WORKING DATA below:

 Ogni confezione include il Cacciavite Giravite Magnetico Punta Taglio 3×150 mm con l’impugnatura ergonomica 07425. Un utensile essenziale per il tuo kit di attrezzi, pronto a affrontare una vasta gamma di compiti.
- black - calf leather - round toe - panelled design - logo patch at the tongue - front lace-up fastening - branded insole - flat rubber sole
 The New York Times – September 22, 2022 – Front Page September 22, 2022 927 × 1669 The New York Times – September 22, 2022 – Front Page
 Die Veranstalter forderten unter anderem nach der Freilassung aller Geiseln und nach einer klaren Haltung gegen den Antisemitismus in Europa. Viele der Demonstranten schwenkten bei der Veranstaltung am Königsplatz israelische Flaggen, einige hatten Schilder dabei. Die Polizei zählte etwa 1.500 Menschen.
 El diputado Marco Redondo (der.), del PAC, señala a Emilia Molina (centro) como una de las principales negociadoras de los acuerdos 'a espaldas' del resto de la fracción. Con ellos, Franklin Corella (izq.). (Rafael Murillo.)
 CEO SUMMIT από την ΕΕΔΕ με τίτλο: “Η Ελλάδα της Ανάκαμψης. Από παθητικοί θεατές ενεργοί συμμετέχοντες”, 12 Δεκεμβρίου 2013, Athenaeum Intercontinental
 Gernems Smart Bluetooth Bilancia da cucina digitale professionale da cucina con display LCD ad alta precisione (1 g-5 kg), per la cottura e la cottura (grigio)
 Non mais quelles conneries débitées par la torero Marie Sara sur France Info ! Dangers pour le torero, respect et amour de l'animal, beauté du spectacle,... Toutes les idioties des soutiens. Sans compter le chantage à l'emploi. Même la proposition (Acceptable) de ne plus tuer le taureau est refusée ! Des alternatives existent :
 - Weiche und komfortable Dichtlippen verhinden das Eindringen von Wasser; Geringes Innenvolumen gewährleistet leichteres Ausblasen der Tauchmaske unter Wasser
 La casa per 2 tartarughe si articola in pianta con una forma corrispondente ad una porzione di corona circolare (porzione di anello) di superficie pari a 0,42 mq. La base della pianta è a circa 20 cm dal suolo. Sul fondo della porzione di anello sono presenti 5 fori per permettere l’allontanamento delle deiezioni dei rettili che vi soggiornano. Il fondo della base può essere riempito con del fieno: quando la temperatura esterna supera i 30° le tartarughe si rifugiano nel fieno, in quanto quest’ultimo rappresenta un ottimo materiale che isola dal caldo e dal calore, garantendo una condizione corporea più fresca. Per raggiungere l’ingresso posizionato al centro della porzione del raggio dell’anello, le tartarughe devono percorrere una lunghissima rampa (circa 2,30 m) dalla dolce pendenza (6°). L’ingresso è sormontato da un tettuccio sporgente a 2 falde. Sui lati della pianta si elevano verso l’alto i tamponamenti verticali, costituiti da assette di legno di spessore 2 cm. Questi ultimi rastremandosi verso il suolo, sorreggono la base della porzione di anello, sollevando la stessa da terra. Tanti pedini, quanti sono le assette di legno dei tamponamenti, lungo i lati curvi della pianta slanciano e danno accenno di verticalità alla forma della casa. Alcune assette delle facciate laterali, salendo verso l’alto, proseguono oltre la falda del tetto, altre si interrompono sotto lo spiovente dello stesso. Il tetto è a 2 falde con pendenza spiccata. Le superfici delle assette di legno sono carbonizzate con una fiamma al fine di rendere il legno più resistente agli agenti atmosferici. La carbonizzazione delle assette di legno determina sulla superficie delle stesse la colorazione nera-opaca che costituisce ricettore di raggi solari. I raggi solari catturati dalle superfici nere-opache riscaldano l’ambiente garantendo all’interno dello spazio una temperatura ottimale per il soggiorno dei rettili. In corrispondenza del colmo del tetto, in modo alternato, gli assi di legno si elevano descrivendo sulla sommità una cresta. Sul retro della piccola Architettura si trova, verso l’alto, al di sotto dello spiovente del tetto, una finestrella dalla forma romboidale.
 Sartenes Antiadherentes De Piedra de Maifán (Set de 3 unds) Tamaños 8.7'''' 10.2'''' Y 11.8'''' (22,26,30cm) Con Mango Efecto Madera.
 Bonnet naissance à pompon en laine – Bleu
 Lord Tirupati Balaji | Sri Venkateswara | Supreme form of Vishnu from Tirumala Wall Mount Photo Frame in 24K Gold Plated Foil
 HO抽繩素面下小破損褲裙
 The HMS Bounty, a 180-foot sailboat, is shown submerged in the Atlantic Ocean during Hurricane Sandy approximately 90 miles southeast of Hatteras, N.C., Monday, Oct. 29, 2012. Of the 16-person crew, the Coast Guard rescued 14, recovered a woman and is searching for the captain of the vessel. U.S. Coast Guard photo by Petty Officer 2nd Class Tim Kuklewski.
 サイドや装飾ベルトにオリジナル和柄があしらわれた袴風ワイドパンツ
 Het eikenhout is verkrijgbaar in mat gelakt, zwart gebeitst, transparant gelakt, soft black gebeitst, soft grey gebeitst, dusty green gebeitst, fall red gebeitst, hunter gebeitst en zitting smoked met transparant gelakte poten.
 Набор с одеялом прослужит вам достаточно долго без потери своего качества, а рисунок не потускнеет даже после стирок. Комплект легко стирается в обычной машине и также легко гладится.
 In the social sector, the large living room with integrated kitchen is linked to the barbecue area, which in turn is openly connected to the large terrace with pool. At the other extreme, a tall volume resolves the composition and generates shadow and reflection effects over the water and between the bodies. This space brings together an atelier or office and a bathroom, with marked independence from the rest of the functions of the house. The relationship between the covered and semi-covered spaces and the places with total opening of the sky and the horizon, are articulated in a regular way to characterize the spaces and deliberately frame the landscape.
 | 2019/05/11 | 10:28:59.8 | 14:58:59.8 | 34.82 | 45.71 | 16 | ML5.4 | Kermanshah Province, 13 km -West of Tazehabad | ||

End of WORKING DATA.

*DIRECTIONS*
Give back exactly the lines above starting at the line where "Front Page September" appears and ending at the line where "El diputado Marco" appears, both included, with no other lines.

*SOLUTION FOR THIS TASK*
 The New York Times – September 22, 2022 – Front Page September 22, 2022 927 × 1669 The New York Times – September 22, 2022 – Front Page
 Die Veranstalter forderten unter anderem nach der Freilassung aller Geiseln und nach einer klaren Haltung gegen den Antisemitismus in Europa. Viele der Demonstranten schwenkten bei der Veranstaltung am Königsplatz israelische Flaggen, einige hatten Schilder dabei. Die Polizei zählte etwa 1.500 Menschen.
 El diputado Marco Redondo (der.), del PAC, señala a Emilia Molina (centro) como una de las principales negociadoras de los acuerdos 'a espaldas' del resto de la fracción. Con ellos, Franklin Corella (izq.). (Rafael Murillo.)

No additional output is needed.